▸ **What to work on**
The entries below contain pictures, which are to be left out; write out exactly, and only, the lines from the line with "매커스의 경우 일봉 120선" up to and including the line with "We investigated the".

▸ **Records provided**
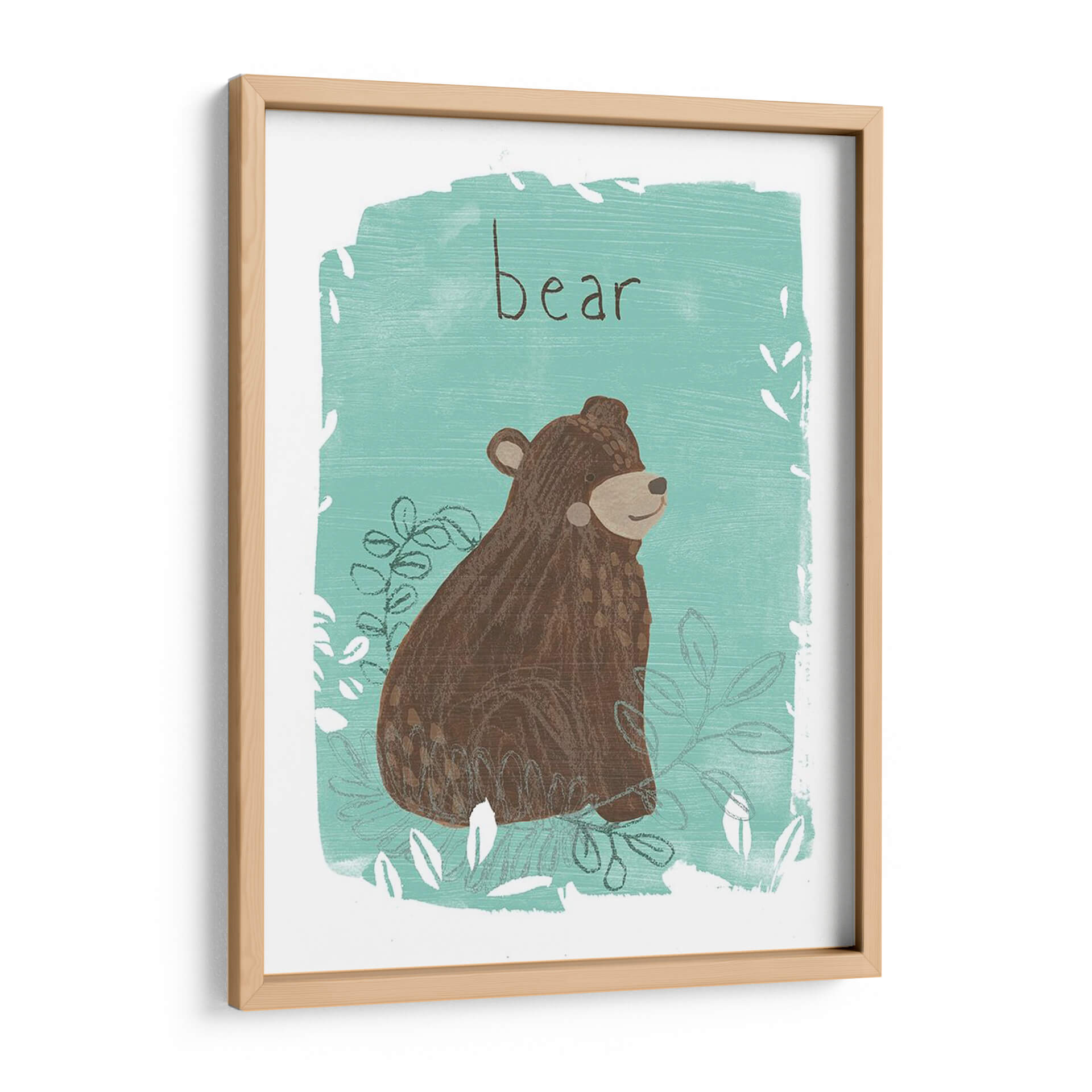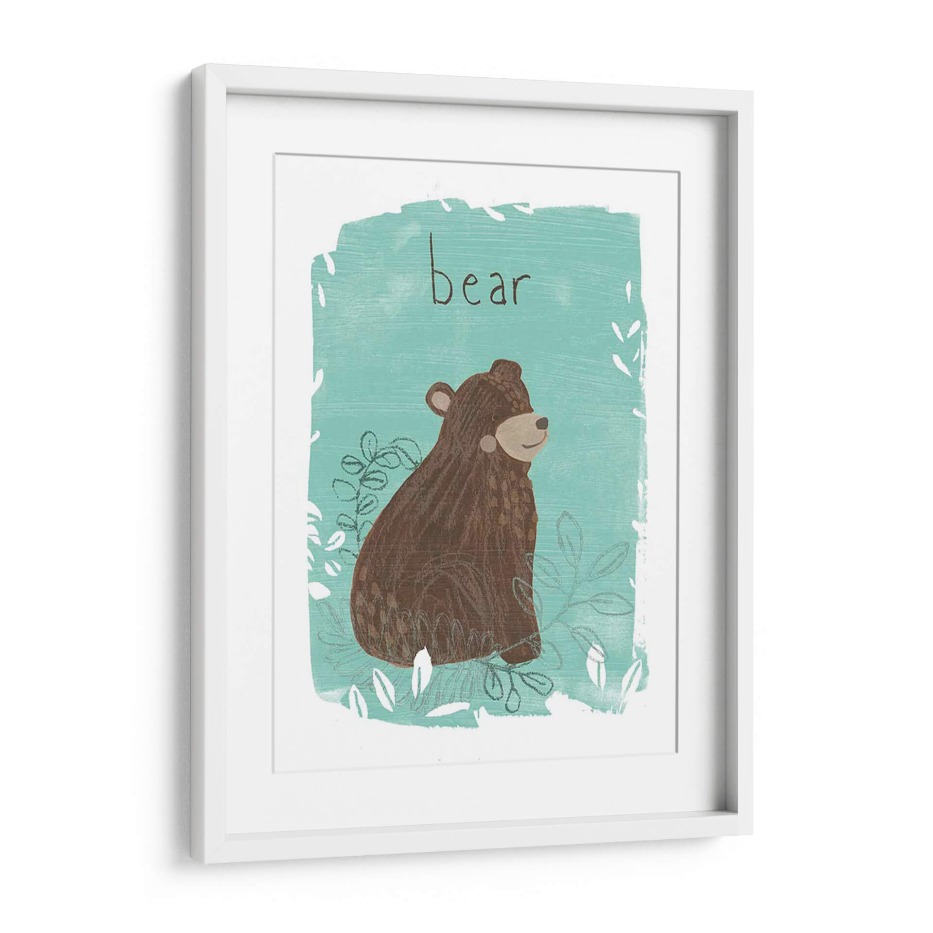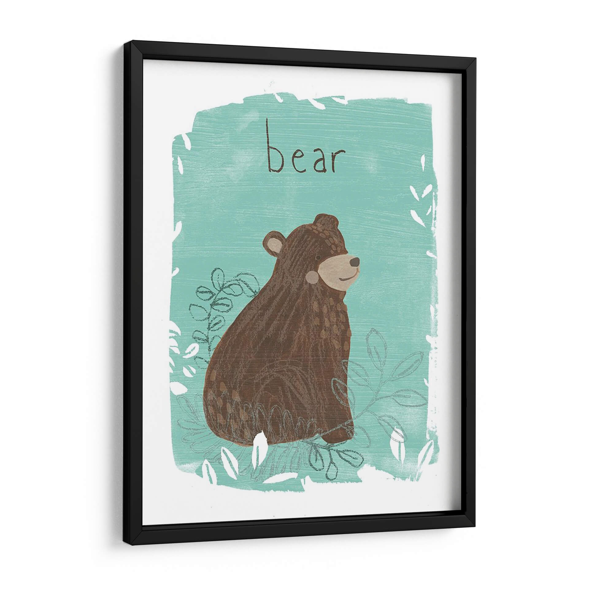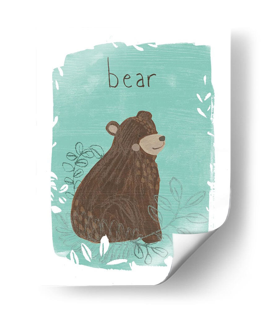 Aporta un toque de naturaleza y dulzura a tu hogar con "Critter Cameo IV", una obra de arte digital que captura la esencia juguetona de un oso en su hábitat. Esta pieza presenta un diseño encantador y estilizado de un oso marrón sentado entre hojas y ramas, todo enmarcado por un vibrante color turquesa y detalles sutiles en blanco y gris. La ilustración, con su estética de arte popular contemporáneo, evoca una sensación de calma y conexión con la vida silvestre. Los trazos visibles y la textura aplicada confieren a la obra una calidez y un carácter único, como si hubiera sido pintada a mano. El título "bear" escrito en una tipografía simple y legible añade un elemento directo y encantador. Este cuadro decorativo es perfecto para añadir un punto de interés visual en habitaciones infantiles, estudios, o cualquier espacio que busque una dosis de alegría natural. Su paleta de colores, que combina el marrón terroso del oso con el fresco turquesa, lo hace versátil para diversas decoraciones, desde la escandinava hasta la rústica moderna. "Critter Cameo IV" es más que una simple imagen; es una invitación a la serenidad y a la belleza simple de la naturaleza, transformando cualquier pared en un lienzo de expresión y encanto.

---

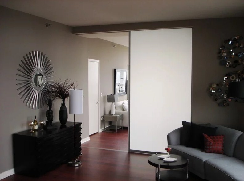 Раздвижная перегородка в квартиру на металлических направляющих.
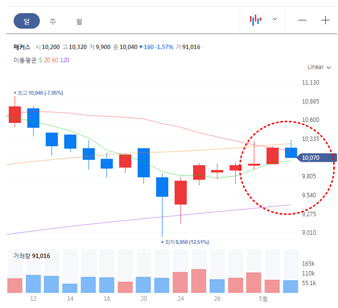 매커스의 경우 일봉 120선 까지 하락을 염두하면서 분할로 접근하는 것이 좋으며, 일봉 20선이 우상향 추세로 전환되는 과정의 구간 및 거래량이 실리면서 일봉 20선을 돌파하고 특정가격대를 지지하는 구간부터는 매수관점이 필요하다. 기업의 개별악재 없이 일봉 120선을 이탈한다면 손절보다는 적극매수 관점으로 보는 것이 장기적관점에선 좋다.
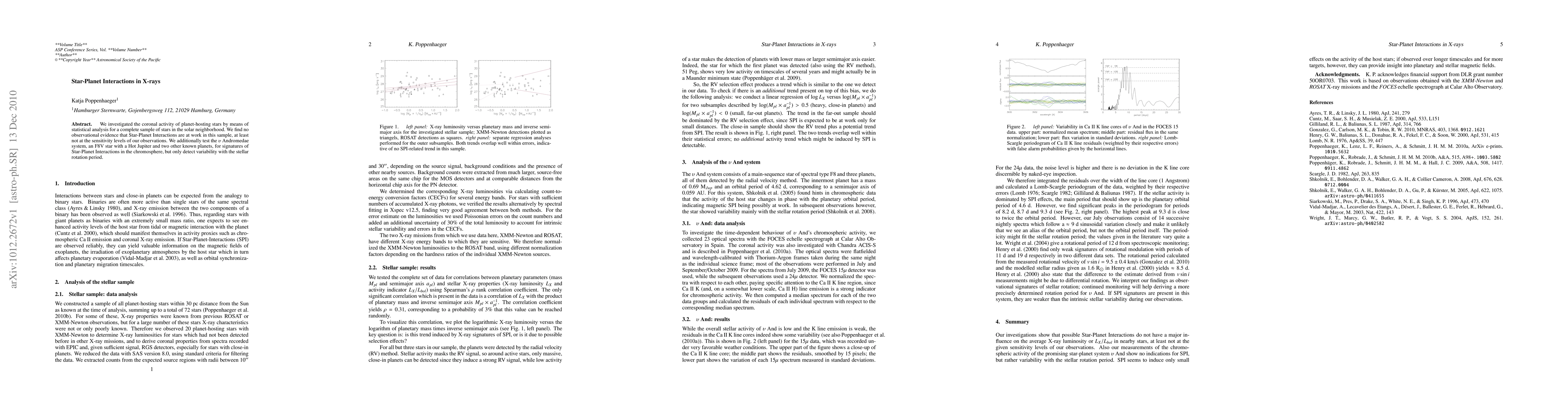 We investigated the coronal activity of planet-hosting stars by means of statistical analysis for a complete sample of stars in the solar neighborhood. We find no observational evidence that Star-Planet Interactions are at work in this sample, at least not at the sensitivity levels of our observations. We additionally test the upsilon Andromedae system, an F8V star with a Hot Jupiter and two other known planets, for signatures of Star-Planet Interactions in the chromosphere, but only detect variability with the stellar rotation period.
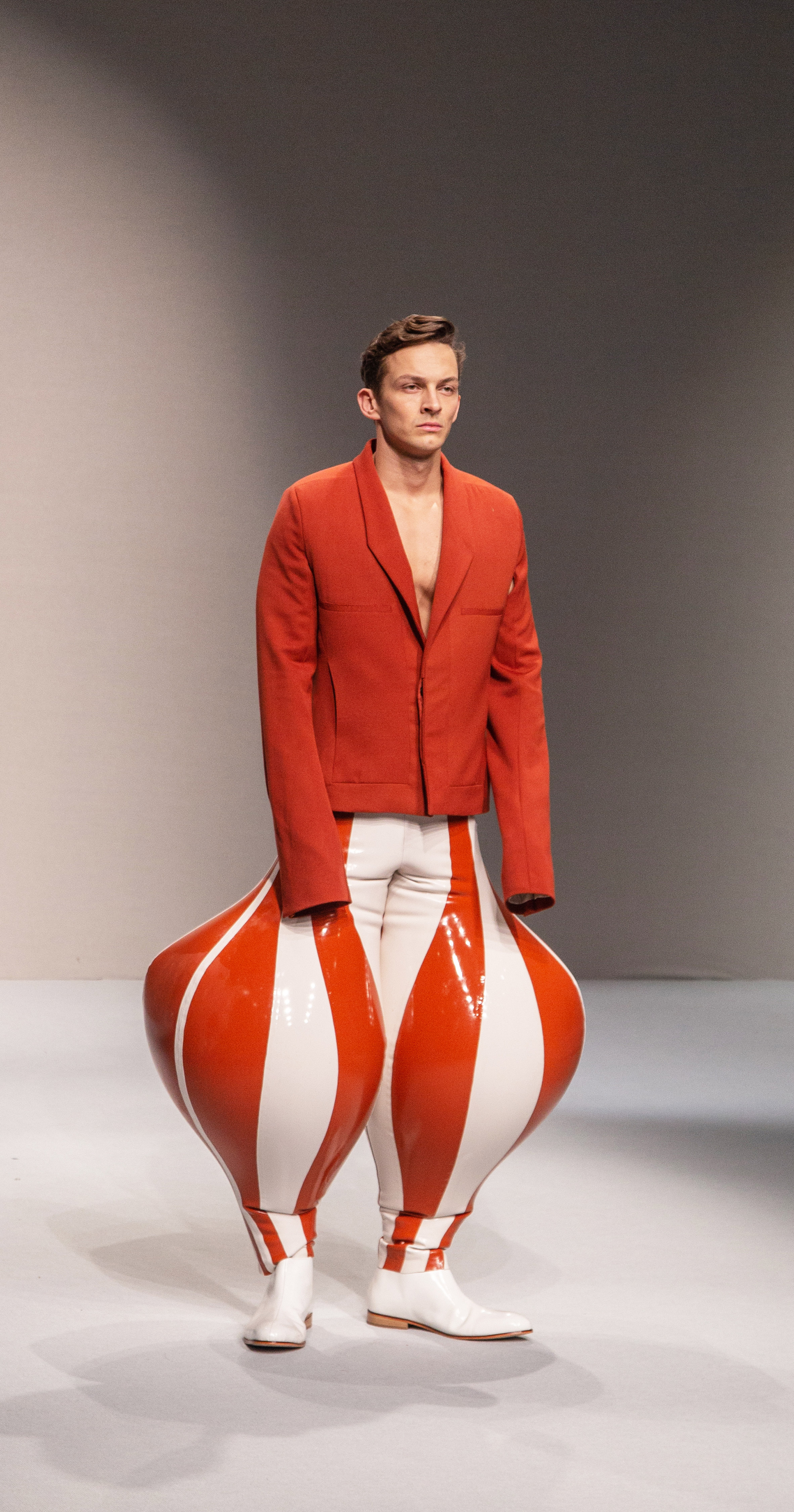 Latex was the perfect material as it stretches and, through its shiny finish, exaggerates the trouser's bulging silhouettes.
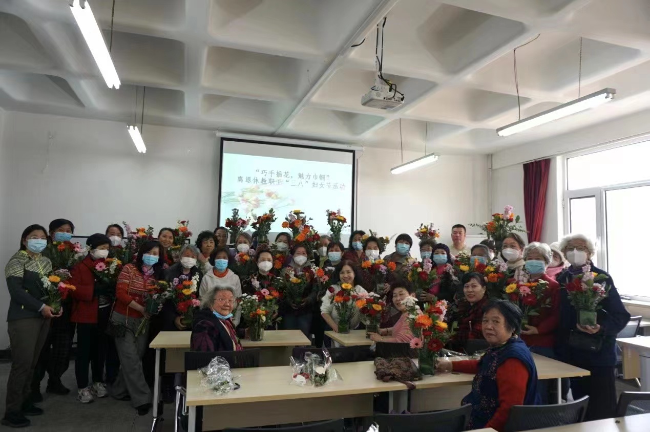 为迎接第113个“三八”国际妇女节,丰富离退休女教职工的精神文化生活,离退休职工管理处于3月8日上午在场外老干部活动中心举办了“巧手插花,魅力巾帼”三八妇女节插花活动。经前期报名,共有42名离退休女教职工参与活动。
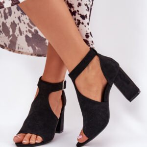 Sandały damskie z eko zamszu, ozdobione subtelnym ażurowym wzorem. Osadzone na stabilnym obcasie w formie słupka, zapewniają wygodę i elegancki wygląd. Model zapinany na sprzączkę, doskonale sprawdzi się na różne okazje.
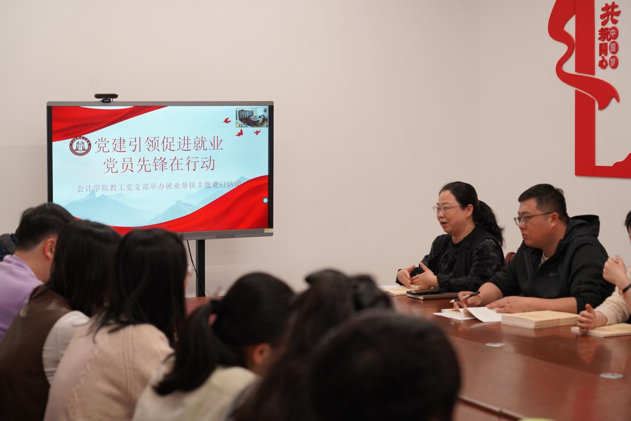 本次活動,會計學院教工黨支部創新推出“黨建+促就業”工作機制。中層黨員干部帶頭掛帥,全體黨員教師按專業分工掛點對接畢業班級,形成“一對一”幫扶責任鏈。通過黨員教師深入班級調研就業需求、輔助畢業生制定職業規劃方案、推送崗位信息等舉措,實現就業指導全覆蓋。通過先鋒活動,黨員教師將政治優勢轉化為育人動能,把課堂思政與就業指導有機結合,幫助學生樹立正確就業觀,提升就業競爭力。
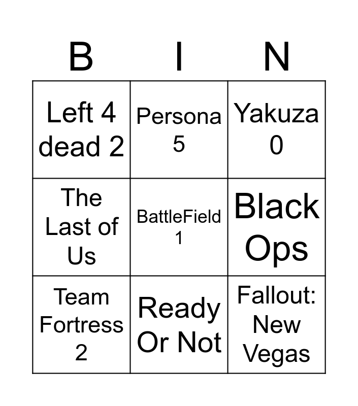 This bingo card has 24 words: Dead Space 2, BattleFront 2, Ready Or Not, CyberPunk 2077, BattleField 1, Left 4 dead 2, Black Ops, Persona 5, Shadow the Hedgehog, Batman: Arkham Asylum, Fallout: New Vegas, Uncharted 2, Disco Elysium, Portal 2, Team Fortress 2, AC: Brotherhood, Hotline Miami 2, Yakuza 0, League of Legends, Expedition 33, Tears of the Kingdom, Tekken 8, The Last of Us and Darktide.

▸ **Result of the exercise**
 매커스의 경우 일봉 120선 까지 하락을 염두하면서 분할로 접근하는 것이 좋으며, 일봉 20선이 우상향 추세로 전환되는 과정의 구간 및 거래량이 실리면서 일봉 20선을 돌파하고 특정가격대를 지지하는 구간부터는 매수관점이 필요하다. 기업의 개별악재 없이 일봉 120선을 이탈한다면 손절보다는 적극매수 관점으로 보는 것이 장기적관점에선 좋다.
 We investigated the coronal activity of planet-hosting stars by means of statistical analysis for a complete sample of stars in the solar neighborhood. We find no observational evidence that Star-Planet Interactions are at work in this sample, at least not at the sensitivity levels of our observations. We additionally test the upsilon Andromedae system, an F8V star with a Hot Jupiter and two other known planets, for signatures of Star-Planet Interactions in the chromosphere, but only detect variability with the stellar rotation period.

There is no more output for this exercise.